Meta tags were originally intended as a proxy for information about a website’s content. Several of the basic meta tags are listed below, along with a description of their use.
The Meta Robots tag can be used to control search engine crawler activity (for all of the major engines) on a per-page level. There are several ways to use Meta Robots to control how search engines treat a page:
- index/noindex tells the engines whether the page should be crawled and kept in the engines’ index for retrieval. If you opt to use “noindex,” the page will be excluded from the index. By default, search engines assume they can index all pages, so using the “index” value is generally unnecessary.
- follow/nofollow tells the engines whether links on the page should be crawled. If you elect to employ “nofollow,” the engines will disregard the links on the page for discovery, ranking purposes, or both. By default, all pages are assumed to have the “follow” attribute.
Example: <META NAME=”ROBOTS” CONTENT=”NOINDEX, NOFOLLOW”>
- noarchive is used to restrict search engines from saving a cached copy of the page. By default, the engines will maintain visible copies of all pages they have indexed, accessible to searchers through the cached link in the search results.
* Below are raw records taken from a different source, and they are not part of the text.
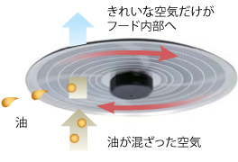 汚れの原因になる油分を入り口でブロック。オイルスマッシャー機構がフード内への油の浸入を抑えるから、面倒だったファンのお掃除が不要になりました。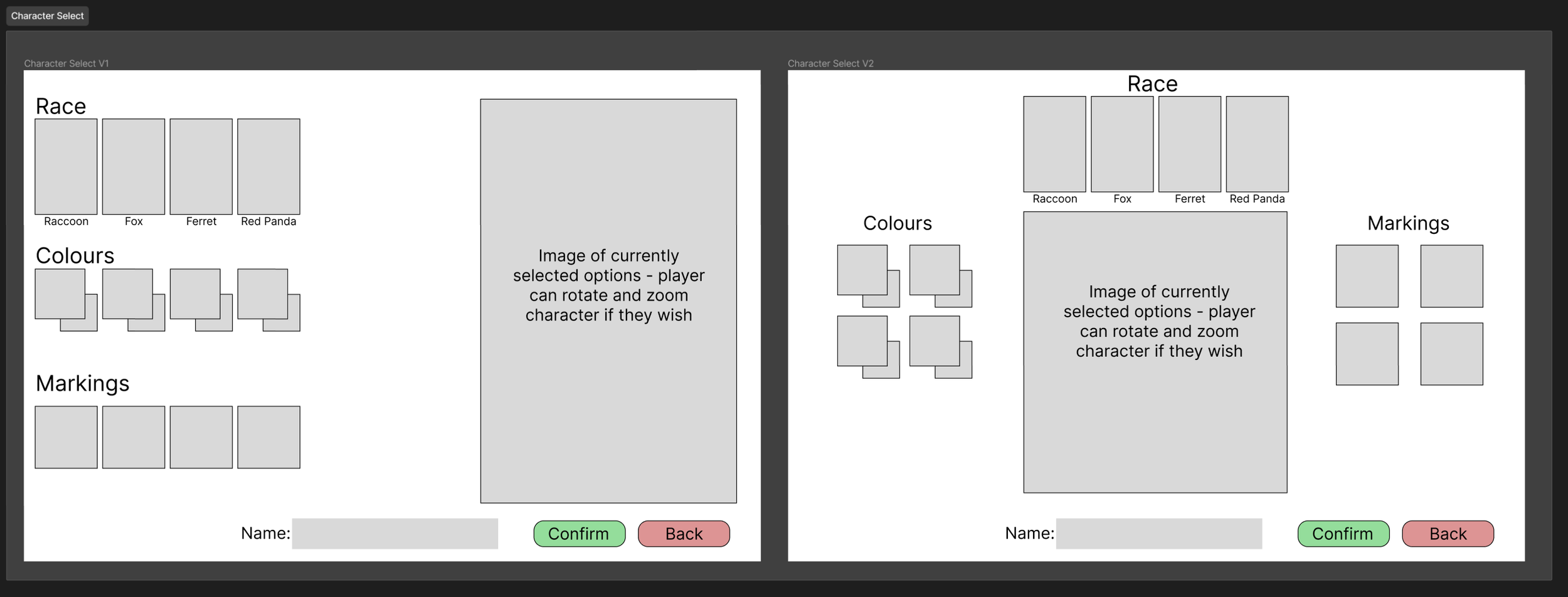 We wanted to allow some customisation, but not have an overwhelming character creator. Three options plus a name field gave a comfortable amount of permitations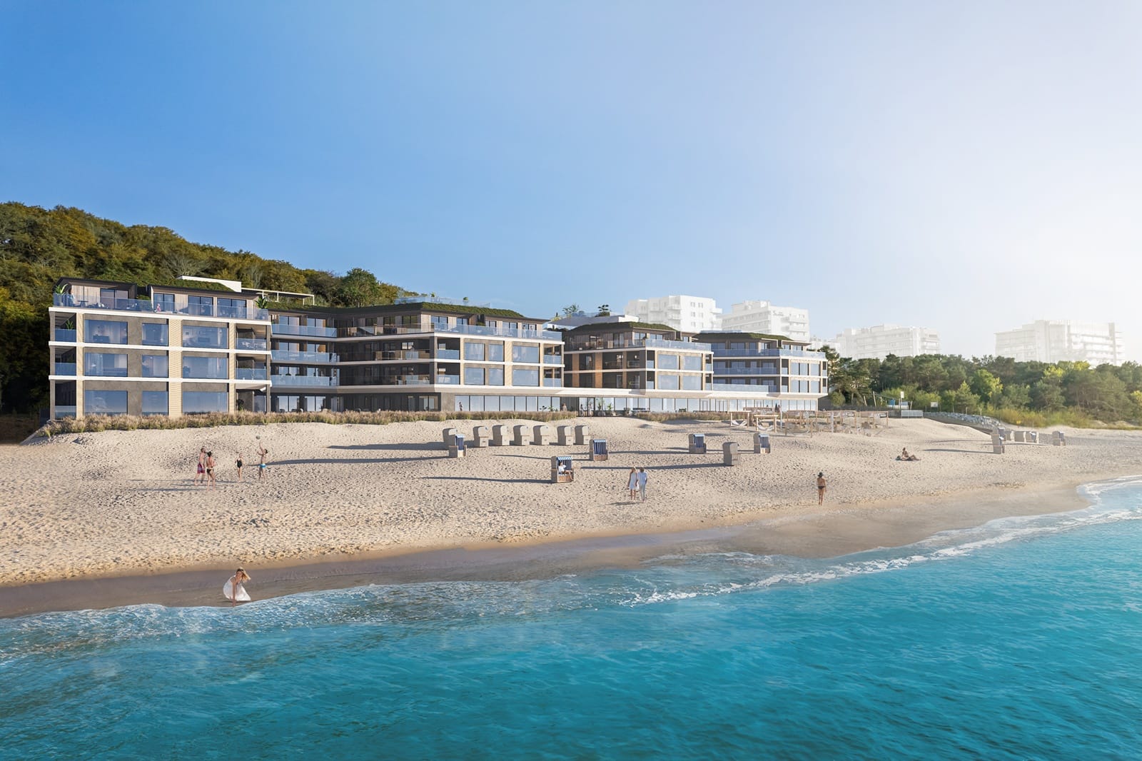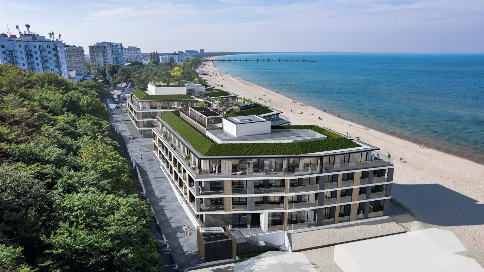 Zrealizowaliśmy pierwszy etap The Sea Resort – pięciogwiazdkowego kompleksu w Międzyzdrojach przy Promenadzie Gwiazd. W ramach inwestycji powstają 153 apartamenty (28–117 m²), penthouse’y oraz strefy rekreacyjne: basen, SPA, fitness, restauracje, skybar, tarasy widokowe i kidsroom.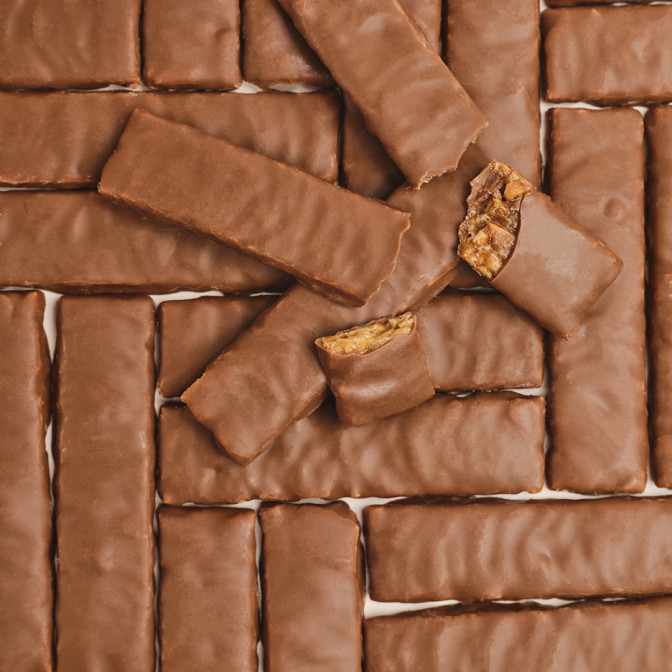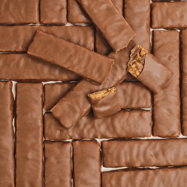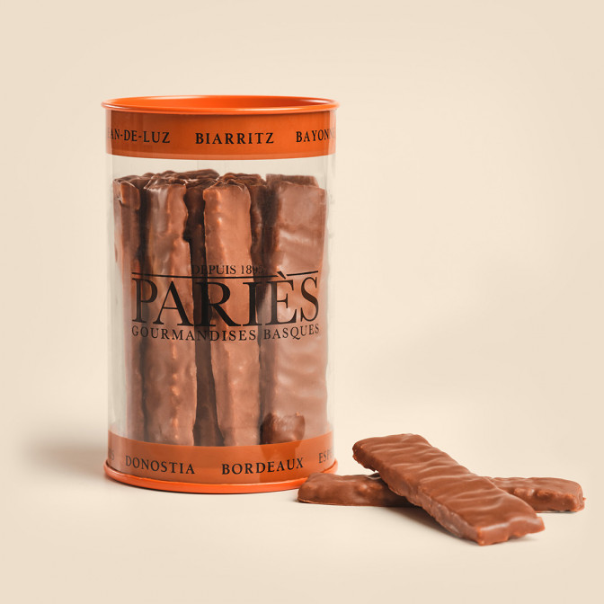 Ingrédients : Amandes effilées (47%), sucre, beurre, sirop de glucose, beurre de cacao, poudre de lait, pâte de cacao 100% , émulsifiant : lécithine de soja, arôme naturel de vanille.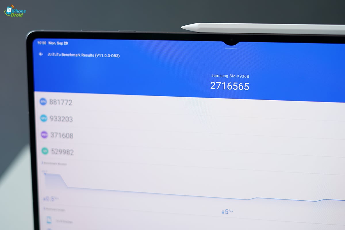เพื่อให้เห็นภาพของประสิทธิภาพที่ Galaxy Tab S11 Ultra คร่าว ๆ เราลองทดสอบผ่านแอป Benchmark ให้เห็นคะแนนจาก AnTuTu Benchmark กันหน่อย ซึ่งคะแนนก็บอกเลยว่าสูงจริง ๆ ได้ไปถึง 2716565 คะแนนกันเลย แรงมาก!

- nosnippet informs the engines that they should refrain from displaying a descriptive block of text next to the page’s title and URL in the search results.
- noodp/noydir are specialized tags telling the engines not to grab a descriptive snippet about a page from the Open Directory Project (DMOZ) or the Yahoo! Directory for display in the search results.
The X-Robots-Tag HTTP header directive also accomplishes these same objectives. This technique works especially well for content within non-HTML files, like images.